Dr Jekyll y el Monstruo/Dr Jekyll y su Hermana Hyde (Dr Jekyll & Sister Hyde, 1971)
El sueño de transexuales y travestis convertido en realidad: en esta original versión del clásico de Robert Louis Stevenson, el científico desarrolla una pócima que lo transforma en…mujer. Sin cirugías ni inyecciones de aceite de avión en los glúteos. Su intención es desarrollar una sustancia que alargue la vida, y viendo que las mujeres no pierden el cabello con la edad y su piel es mas tersa que la de los hombres, deduce que un elixir que contenga hormonas femeninas debería funcionar. El problema es que para conseguir semejante ingrediente debe liquidar a cuanta joven se le cruce en el camino y extraerle “esa” parte. Una película que hoy provoca sonrisas pero que en su momento debió escandalizar a los defensores de la moral y las comedias musicales de Hollywood.
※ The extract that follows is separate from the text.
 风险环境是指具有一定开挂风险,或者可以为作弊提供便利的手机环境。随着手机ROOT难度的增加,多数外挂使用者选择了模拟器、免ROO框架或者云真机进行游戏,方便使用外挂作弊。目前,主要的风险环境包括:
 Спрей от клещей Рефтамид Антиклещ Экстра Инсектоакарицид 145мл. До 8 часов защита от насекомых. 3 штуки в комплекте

Jekyll deberá soportar no sólo al Scotland Yard y a un par de vecinos molestos (hermana y hermano que se enamoran del hombre y de la mujer que lleva dentro), también descubrirá que liberar su lado femenino puede acarrear muchos problemas si no se hace con responsabilidad.


La Leyenda de los Siete Vampiros Dorados / Kung Fu contra los Siete Vampiros de Oro (Legend of the Seven Golden Vampires, 1975)
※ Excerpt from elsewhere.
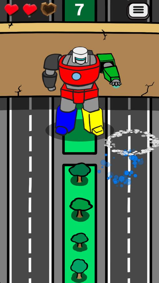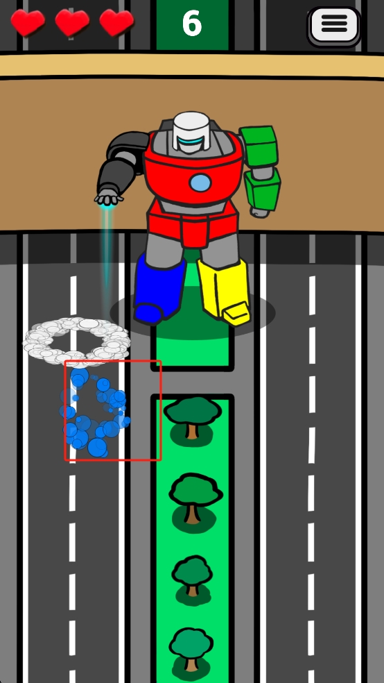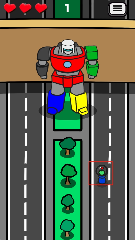 1、进入作品后,看到巨型机器人与蓝色小机器人,我们的任务目标就是击杀下方的小机器人,别让他靠近身后的墙体。

El género de los vampiros al estilo Hammer estaba agotado, y como último recurso decidieron unirlo con el que por aquel tiempo hacía furor: el de las artes marciales. A principios del siglo XIX un monje chino visita el castillo del conde Drácula para pedirle que lo ayude a revivir a unos "amiguitos" muertos hace tiempo. El conde adopta la apariencia del oriental y regresa a China para cumplir tal cometido. Ya en el año 1904, un descendiente de Van Helsing visita este país para impartir una charla sobre vampirismo. Allí conocerá a un joven que asegura que su aldea se ve asolada periódicamente por siete chupasangres de oro. Baker le impone dignidad a un claro producto explotation que en otras manos habría derivado en una colección de situaciones vergonzosas (los vampiros no se asustan con la cruz, ¡sinó con la imagen de Buda!). Fue la despedida de Peter Cushing como Helsing, y la última película que dirigió Baker para la Hammer. Se coprodujo con los estudios Shaw Brothers de Hong Kong quienes, descontentos con las escenas de lucha, filmaron nuevas bajo la supervisión del experto Liu Chia-Lang. Esto retrasó varios años su estreno en los EEUU, donde finalmente pudo verse una edición 21 minutos más larga que la de Europa, con más patadas voladoras y escenas de sexo. La misma versión que en la Argentina terminó siendo prohibida por la dictadura de turno.